In the NOIDA case, the petitioner, a local authority, leased land to the corporate debtor for a period of 90 years to construct residential buildings and sell flats to third parties. This was in pursuance of NOIDA’s mission of planned development. When the corporate debtor was declared insolvent, NOIDA initially (correctly) presented its claim as an operational creditor. It then appears to have had a rethink and reworked its claim, deciding that it was a financial creditor. After this to justify its shift, it attempted to slot its claim into various sub-clauses of Section 5(8), which defines what constitutes a financial debt under the IBC. It failed before the NCLT, and failed again in appeal before the NCLAT. Before the Supreme Court, it engaged the top government counsel, including the Solicitor General.

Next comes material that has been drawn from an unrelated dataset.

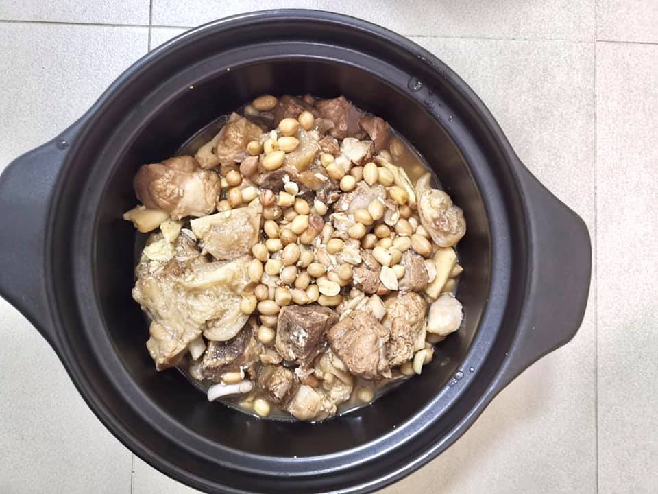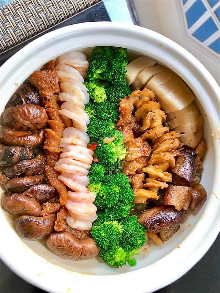 I had earlier boiled the fish maw and mushroom for 1hr. now add them to the 盆菜 pencai. broth and cook about 30mins.
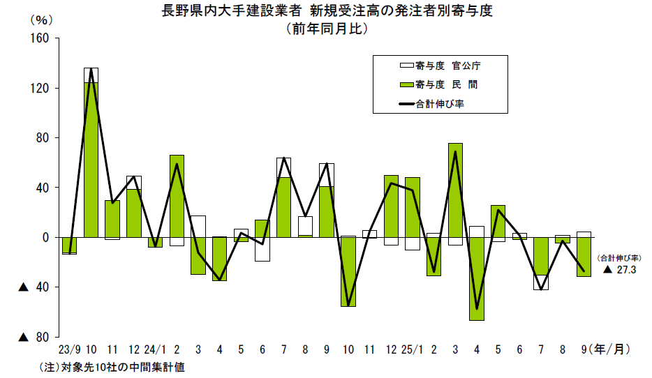 - 長野県内大手建設業者の受注動向(2025年9月)(110KB)(PDF文書)

NOIDA’s strongest argument was that the lease was actually a ‘finance lease’ under Section 5(8)(d). A ‘finance lease’ is the transfer of substantially all the risks and rewards incidental to ownership of an underlying asset. In the case before the Court, it was clear that the transaction did not involve the complete divestment of rights that characterises a financial lease. NOIDA retained extensive powers over the land leased by it, including the power of re-entry and re-allotment.
The Supreme Court had to dedicate a 58-page judgment to dismissing the appeal.
The IBC, it is clear, is by its very nature an unending source of litigation. Unless Parliament steps in to retrieve the situation, insolvency resolution will remain an expensive and unrewarding process, driving away investment rather than attracting it.